Domain-wall roughness in GdFeCo thin films: crossover length scales and roughness exponents

TL;DR

This study investigates the roughness of magnetic domain walls in GdFeCo thin films across various conditions, revealing crossover length scales and avalanche behaviors that reconcile experimental observations with theoretical models.

Contribution

It introduces a model considering length-scale crossovers to explain discrepancies between experimental roughness exponents and theoretical predictions in magnetic thin films.

Findings

Identified crossover length scales between different reference states.

Quantified depinning avalanches below the depinning field at finite temperatures.

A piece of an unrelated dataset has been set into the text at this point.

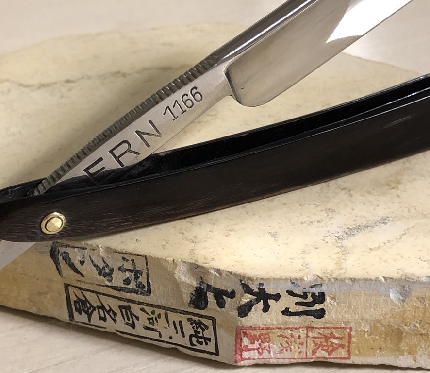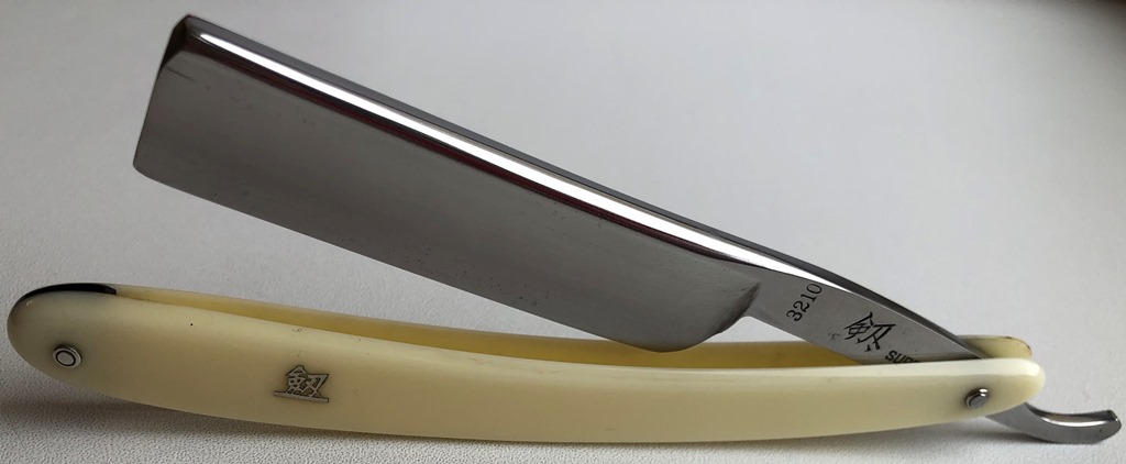 (Один из трех вариантов написания иероглифа 剣/劒/剱, Кэн( Цуруги), "меч". Спасибо уважаемому Игорю Ашмарину, ака INSUI , за перевод,) Ширина полотна-21.5 мм Толщина обушка-6.5 мм Углеродистая высококачественная сталь. Полная вогнутость. Бритва в прекрасном состоянии, без следов пользования. Пришлось разобрать бритву и перебрать осевой пин, с сохранением оригинальных частей.Красивая бритва, по японски аскетичная, но с отличной,"звенящей" сталью. Идеальная геометрия полотна:кромочка равномерна по всей длине и еле заметна. Сталь и кромка чистые, без видимых дефектов.За счет толстого обушка,бритва достаточно тяжёлая.Сталь средней твердости.После заточки бритва лично была протестирована. Бритьё мягкое и чистое, без нареканий.После бритья недельной щетины кромка легко проходила тест на рез волоса, без правки на ремне. Пластиковая коробочка в цвет оправы бритвы. Цена 10500 р с доставкой. ПРОДАН Spoiler Show

Bridged the gap between experimental data and theoretical models.

Abstract

Domain-wall dynamics and spatial fluctuations are closely related to each other and to universal features of disordered systems. Experimentally measured roughness exponents characterizing spatial fluctuations have been reported for magnetic thin films, with values generally different from those predicted by the equilibrium, depinning and thermal reference states. Here, we study the roughness of domain walls in GdFeCo thin films over a large range of magnetic field and temperature. Our analysis is performed in the framework of a model considering length-scale crossovers between the reference states, which is shown to bridge the differences between experimental results and theoretical predictions. We also quantify for the first time the size of the depinning avalanches below the depinning field at finite temperatures.